### Required action
Please, from the entries below, transcribe exactly the lines that begin at the line with "Veja também algumas" and end at the line with "Banco de trabajo", without the pictures.

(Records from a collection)
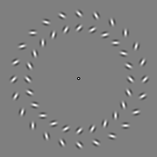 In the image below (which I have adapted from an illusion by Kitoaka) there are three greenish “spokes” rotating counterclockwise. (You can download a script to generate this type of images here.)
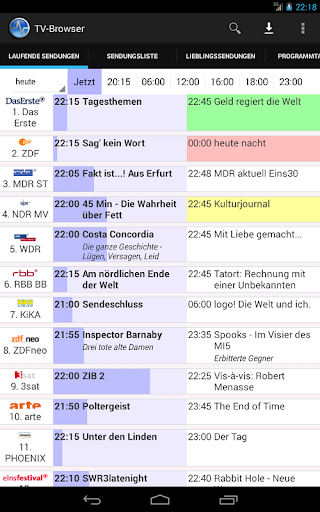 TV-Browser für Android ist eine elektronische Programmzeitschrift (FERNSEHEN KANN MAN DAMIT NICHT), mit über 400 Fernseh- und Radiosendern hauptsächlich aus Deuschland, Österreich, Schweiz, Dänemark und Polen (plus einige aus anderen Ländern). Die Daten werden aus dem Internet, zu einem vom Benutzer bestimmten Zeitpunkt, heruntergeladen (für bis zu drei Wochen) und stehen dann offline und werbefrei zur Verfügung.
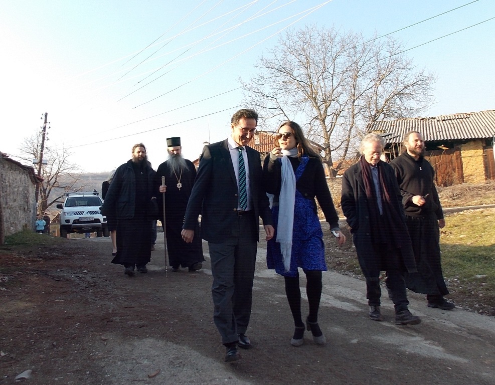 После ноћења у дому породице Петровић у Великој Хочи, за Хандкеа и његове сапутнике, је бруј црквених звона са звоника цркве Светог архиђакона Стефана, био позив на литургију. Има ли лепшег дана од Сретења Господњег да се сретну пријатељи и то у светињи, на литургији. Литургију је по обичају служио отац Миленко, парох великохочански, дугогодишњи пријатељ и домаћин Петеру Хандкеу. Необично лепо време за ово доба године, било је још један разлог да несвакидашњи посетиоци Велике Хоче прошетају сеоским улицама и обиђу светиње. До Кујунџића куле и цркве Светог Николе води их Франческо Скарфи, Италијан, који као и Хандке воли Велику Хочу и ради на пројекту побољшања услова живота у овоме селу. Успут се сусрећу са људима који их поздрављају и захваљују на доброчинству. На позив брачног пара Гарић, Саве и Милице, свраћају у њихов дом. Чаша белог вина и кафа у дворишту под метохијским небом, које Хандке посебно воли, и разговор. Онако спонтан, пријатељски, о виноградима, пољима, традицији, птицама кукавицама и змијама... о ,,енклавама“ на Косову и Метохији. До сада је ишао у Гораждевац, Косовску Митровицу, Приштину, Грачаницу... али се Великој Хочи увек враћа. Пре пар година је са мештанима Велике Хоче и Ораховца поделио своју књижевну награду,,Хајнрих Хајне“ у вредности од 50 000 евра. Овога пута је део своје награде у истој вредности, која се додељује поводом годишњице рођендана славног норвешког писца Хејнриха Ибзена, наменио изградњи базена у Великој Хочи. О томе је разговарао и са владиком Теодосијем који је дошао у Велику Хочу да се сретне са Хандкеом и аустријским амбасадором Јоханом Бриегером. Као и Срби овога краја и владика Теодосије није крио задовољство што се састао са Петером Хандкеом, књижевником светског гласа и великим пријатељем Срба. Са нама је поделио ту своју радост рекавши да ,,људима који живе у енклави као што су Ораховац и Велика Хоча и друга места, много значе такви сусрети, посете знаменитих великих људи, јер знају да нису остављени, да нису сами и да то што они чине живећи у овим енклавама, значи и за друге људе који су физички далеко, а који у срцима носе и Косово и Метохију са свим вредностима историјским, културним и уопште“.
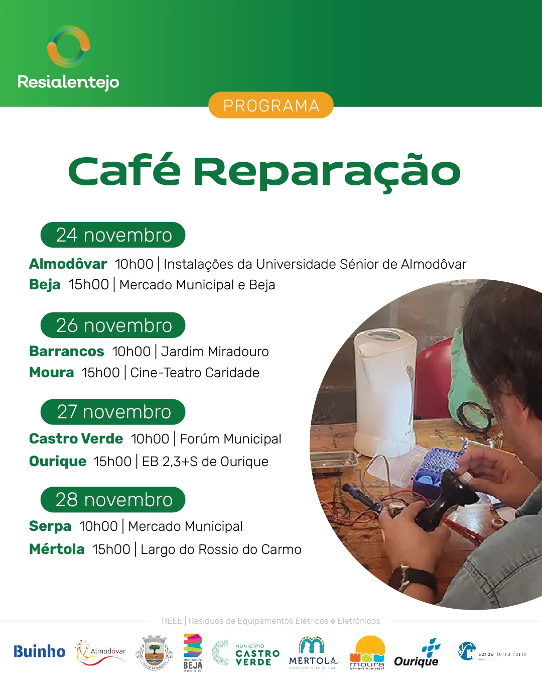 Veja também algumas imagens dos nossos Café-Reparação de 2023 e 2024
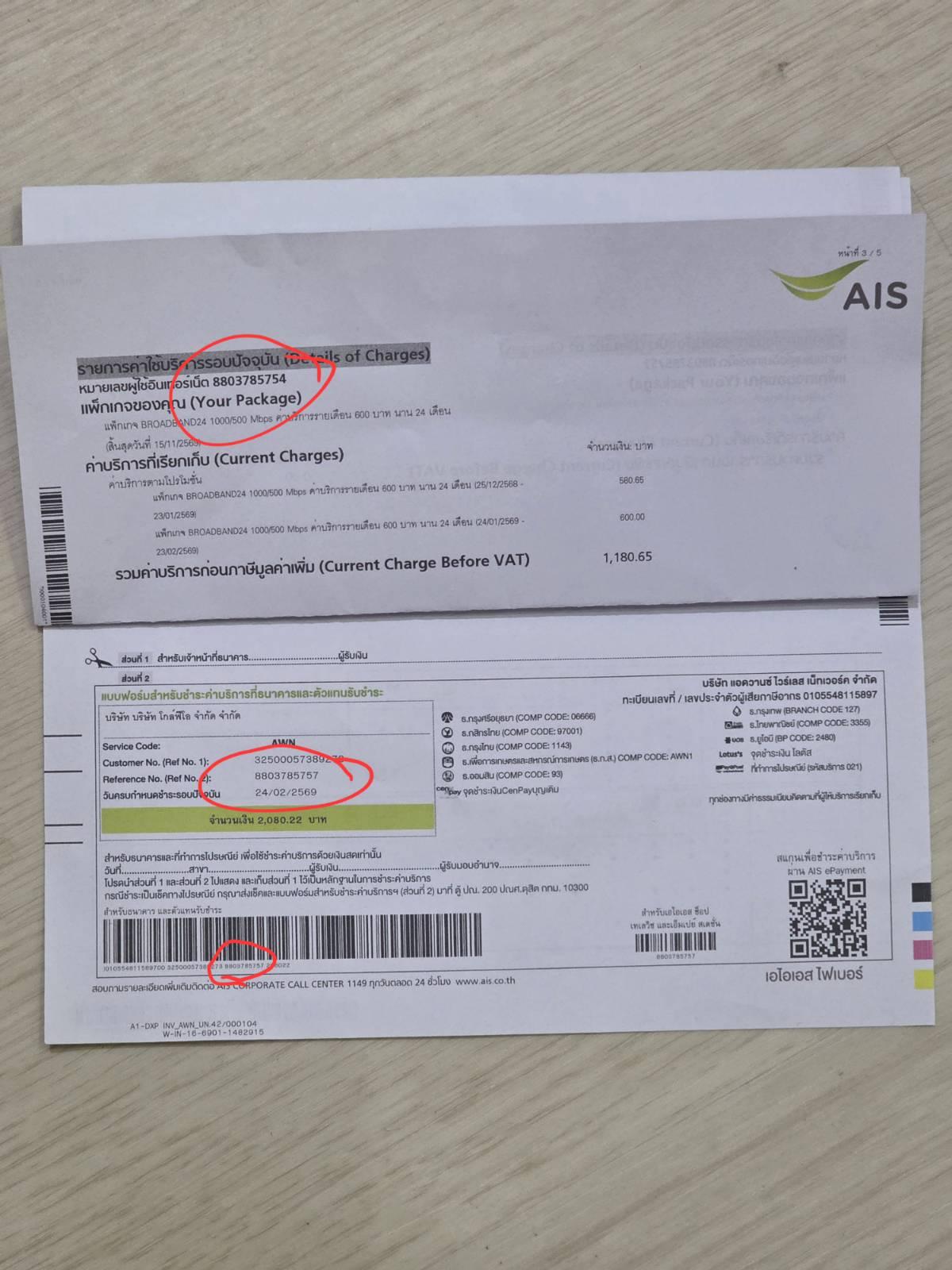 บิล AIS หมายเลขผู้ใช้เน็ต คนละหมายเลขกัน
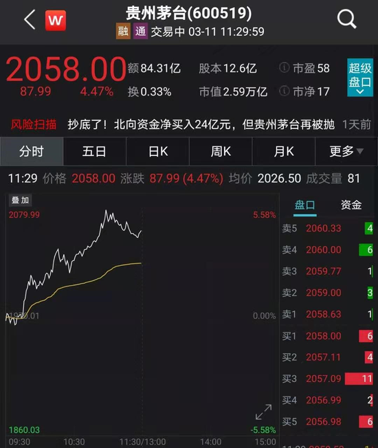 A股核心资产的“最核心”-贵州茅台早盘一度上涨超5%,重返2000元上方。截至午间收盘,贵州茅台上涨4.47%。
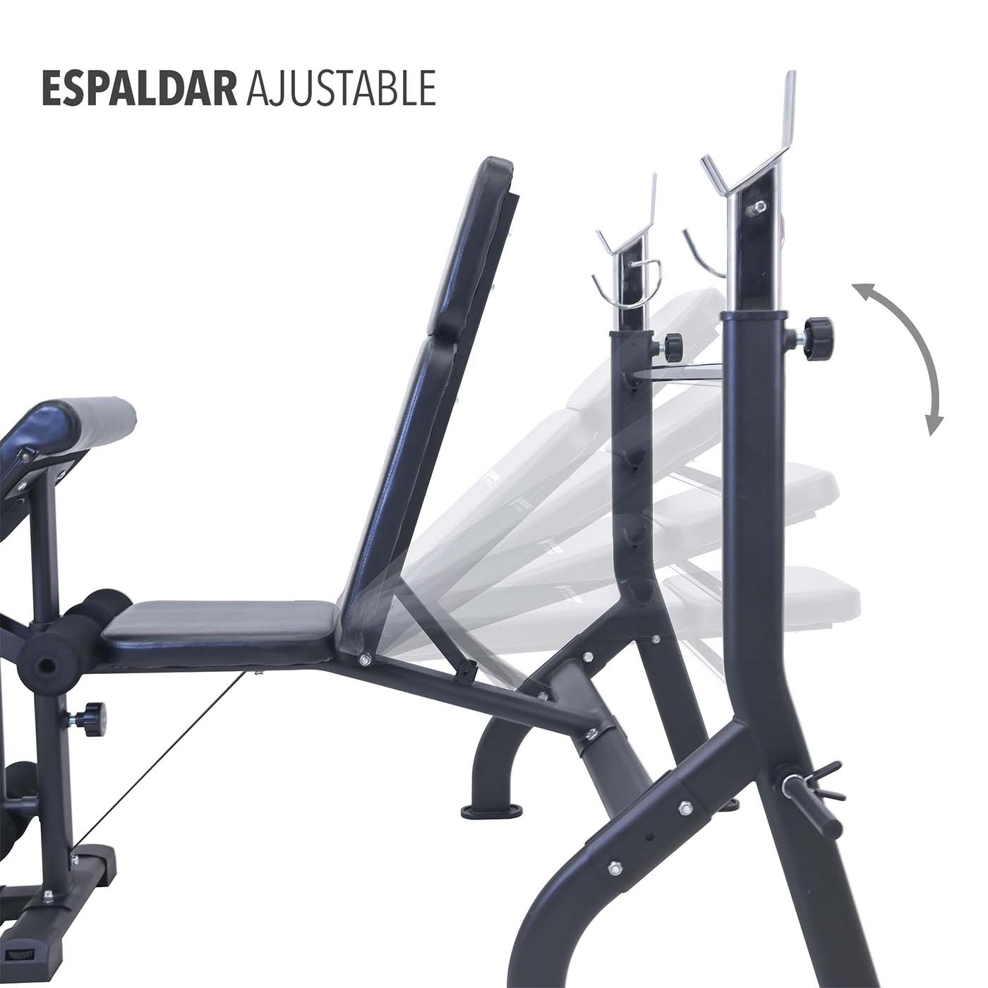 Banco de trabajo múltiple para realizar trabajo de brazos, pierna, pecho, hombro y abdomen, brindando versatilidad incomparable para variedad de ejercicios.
--
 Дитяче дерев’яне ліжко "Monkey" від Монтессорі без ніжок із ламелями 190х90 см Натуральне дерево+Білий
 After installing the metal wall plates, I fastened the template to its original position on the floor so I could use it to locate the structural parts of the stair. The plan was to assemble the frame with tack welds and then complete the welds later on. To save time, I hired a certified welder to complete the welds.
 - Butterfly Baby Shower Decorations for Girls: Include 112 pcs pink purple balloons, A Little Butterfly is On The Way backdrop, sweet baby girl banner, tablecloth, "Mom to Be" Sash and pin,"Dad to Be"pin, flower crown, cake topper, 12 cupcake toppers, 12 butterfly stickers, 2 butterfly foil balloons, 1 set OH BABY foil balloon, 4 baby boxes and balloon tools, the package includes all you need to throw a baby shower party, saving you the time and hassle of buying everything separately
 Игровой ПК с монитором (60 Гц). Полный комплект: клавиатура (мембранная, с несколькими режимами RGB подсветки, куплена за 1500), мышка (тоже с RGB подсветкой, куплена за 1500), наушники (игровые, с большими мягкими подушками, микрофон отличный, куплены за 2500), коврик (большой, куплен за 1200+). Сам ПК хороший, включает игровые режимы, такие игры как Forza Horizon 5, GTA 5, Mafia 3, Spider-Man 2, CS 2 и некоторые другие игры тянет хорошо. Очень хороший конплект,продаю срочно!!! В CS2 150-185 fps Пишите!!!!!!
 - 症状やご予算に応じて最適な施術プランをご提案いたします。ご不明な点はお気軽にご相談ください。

### Result of the exercise
 Veja também algumas imagens dos nossos Café-Reparação de 2023 e 2024
 บิล AIS หมายเลขผู้ใช้เน็ต คนละหมายเลขกัน
 A股核心资产的“最核心”-贵州茅台早盘一度上涨超5%,重返2000元上方。截至午间收盘,贵州茅台上涨4.47%。
 Banco de trabajo múltiple para realizar trabajo de brazos, pierna, pecho, hombro y abdomen, brindando versatilidad incomparable para variedad de ejercicios.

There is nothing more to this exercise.